RECORDED DATA.
----------
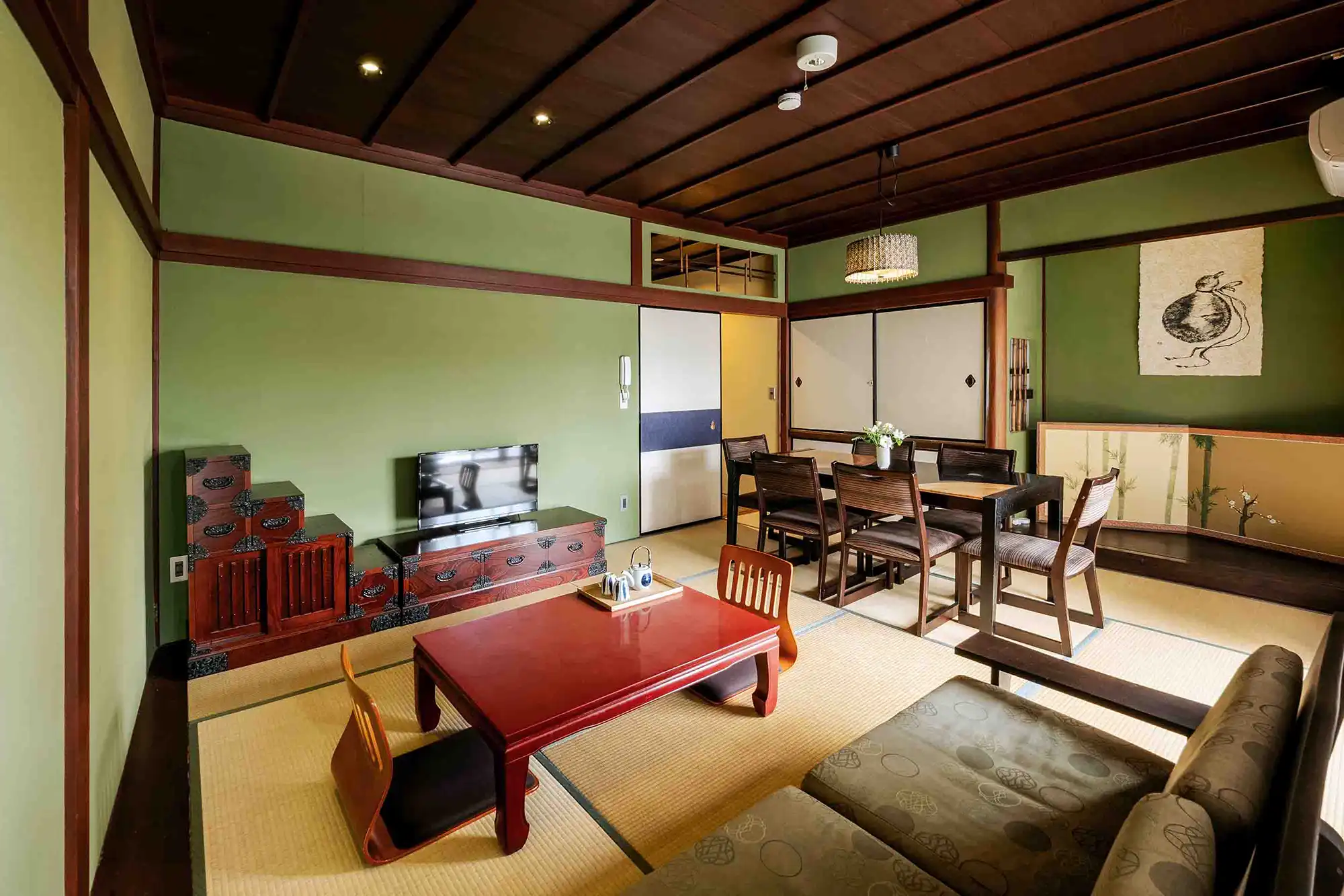 A spacious, traditional Japanese house located near the historical Higashi Chaya Tea District. Inspired by the colorful hues of ‘Kaga Gosai’ & matsu pine tree.
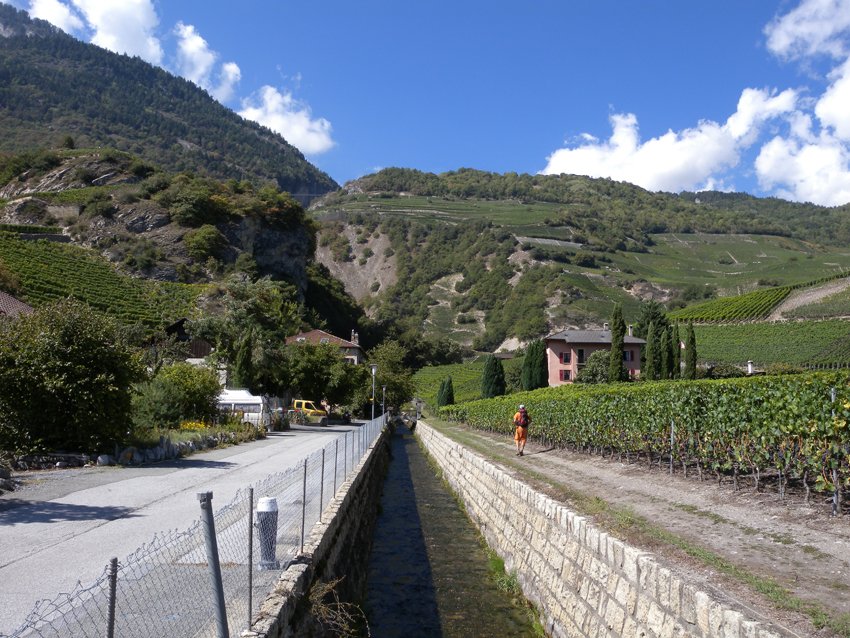 Vom Ausstieg links hinunter zum Schotterweg bei der Hängebrücke und rechts auf markiertem Weg zurück zum Burghügel von Saillon. Vom Ausstieg des ersten Teils links auf markiertem Weg in Richtung Burghügel und zurück in den Ort. Keine weglosen Abzweiger durch die Weinberge machen! Alternativ kann man die Hängebrücke überqueren und von Les Places absteigen bzw. an der Straße das Postauto ins Tal nehmen.
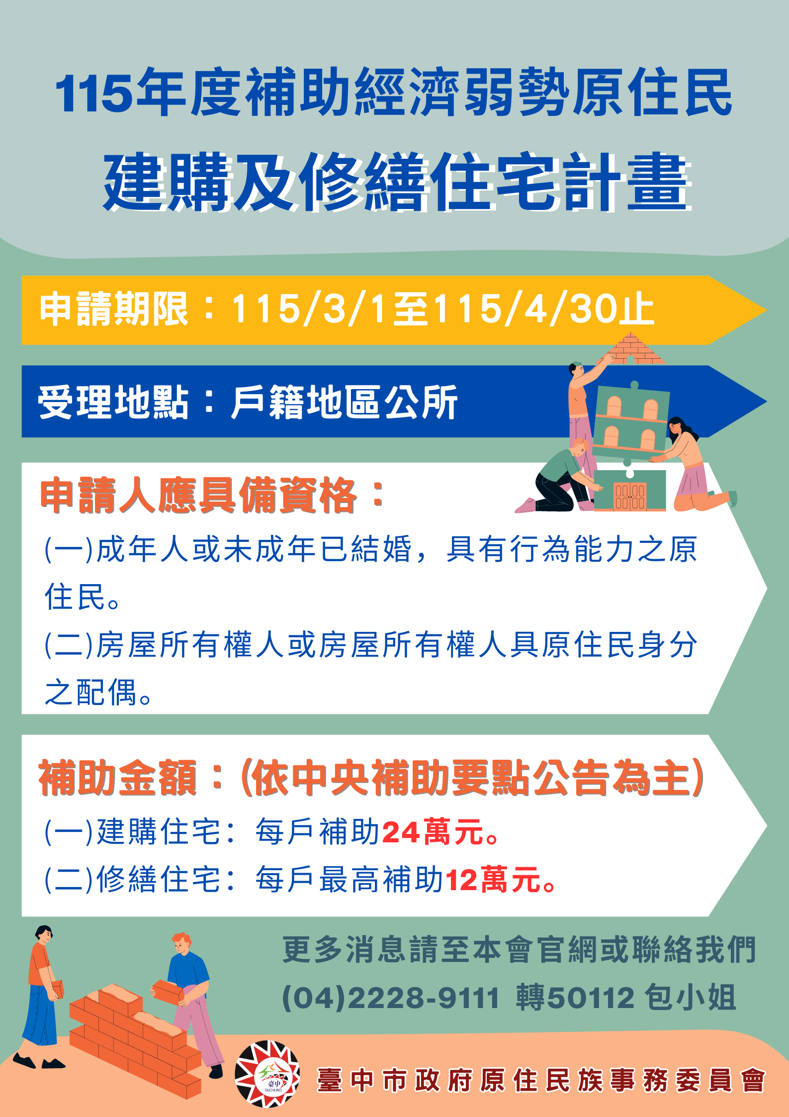 115年度「補助經濟弱勢原住民建購及修繕住宅」即日起受理申請至115年4月30日止
----------
What is needed is a word-for-word copy of the data above, free of any images.

RESPONSE FOR THIS EXERCISE.
 A spacious, traditional Japanese house located near the historical Higashi Chaya Tea District. Inspired by the colorful hues of ‘Kaga Gosai’ & matsu pine tree.
 Vom Ausstieg links hinunter zum Schotterweg bei der Hängebrücke und rechts auf markiertem Weg zurück zum Burghügel von Saillon. Vom Ausstieg des ersten Teils links auf markiertem Weg in Richtung Burghügel und zurück in den Ort. Keine weglosen Abzweiger durch die Weinberge machen! Alternativ kann man die Hängebrücke überqueren und von Les Places absteigen bzw. an der Straße das Postauto ins Tal nehmen.
 115年度「補助經濟弱勢原住民建購及修繕住宅」即日起受理申請至115年4月30日止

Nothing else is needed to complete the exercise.